Jonah smiled. “I like that plan.”
One problem had been resolved, but the greater threat to her happiness remained.
“Jonah,” she started again carefully, her heart rising to her throat. She had to convince him their love was worth taking a risk. “Considering all we’ve been through already, how can you doubt our ability to make a marriage work? And I say our ability for a reason. Because you won’t be alone anymore. We’ll be a team.”
Jonah caught his breath, and she saw warmth flash in his eyes, chasing away some of the shadows darkening his expression. The seed of hope in her chest planted roots.
He rose from the chair and sat on the edge of her bed. He stroked her face gently and held her gaze. “We do make a good team.”
She covered his hand with hers. “I know the idea of family brings back painful memories, but I want to be there to help you face down those ghosts from your past…if you’ll let me.”
He answered her by kissing her palm.
Encouraged, she forged on, “I know that our life together will have bumps and potholes along the way, problems to overcome. Every marriage does. But last night—for the past several weeks, in fact—we’ve met every challenge we faced together and seen it through. We can do the same as a family, no matter what life throws at us.”
He leaned close and pressed a kiss to her forehead. “Last night when Susan had that gun on you, I was terrified she’d hurt you and I’d lose you. Then I realized I’d already lost you, because I’d let fear rule my heart instead of my love for you, and I was ashamed of myself.” He placed a soft kiss on her lips. “You deserve so much more.”

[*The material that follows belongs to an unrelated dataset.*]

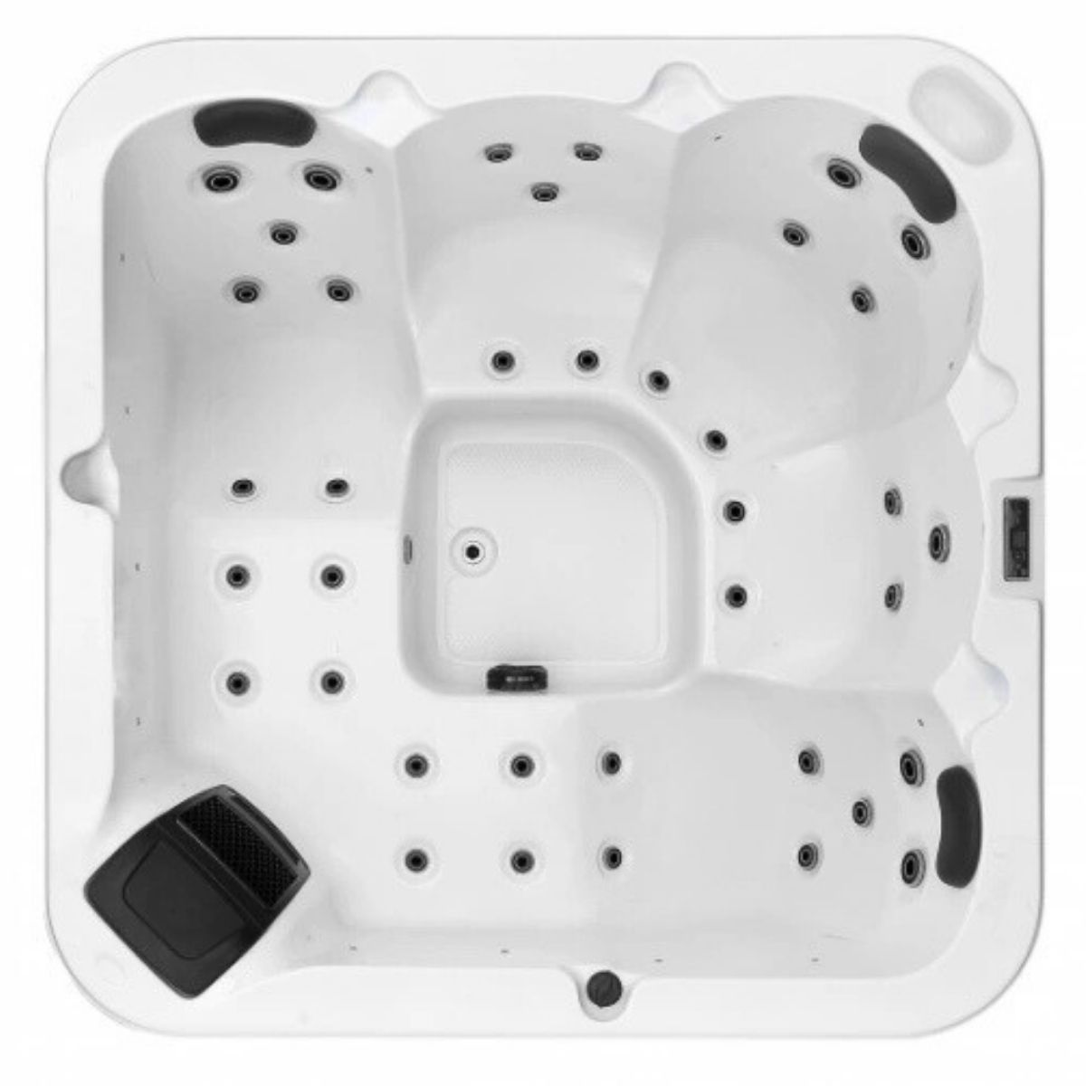 Badet är utrustat med två ergonomiska liggplatser och tre sittplatser, vilket skapar en flexibel och social badmiljö. De 38 strategiskt placerade massagejetsen ger en behaglig och effektiv massage för rygg och axlar, perfekt för både vardagsavkoppling och längre badstunder.

She tensed. “Jonah, don’t let fear keep you from being part of our family. I’ve seen how you are with my children. You’re kind and gentle and protective, but you’re also appropriately firm and instructive when you need to be. You have good instincts with them. You know what they need to hear to ease their fears without misleading them. The fact that you knew they needed you last night more than I did speaks volumes to me. You put them first. Trust those instincts, and you’ll be a wonderful father.”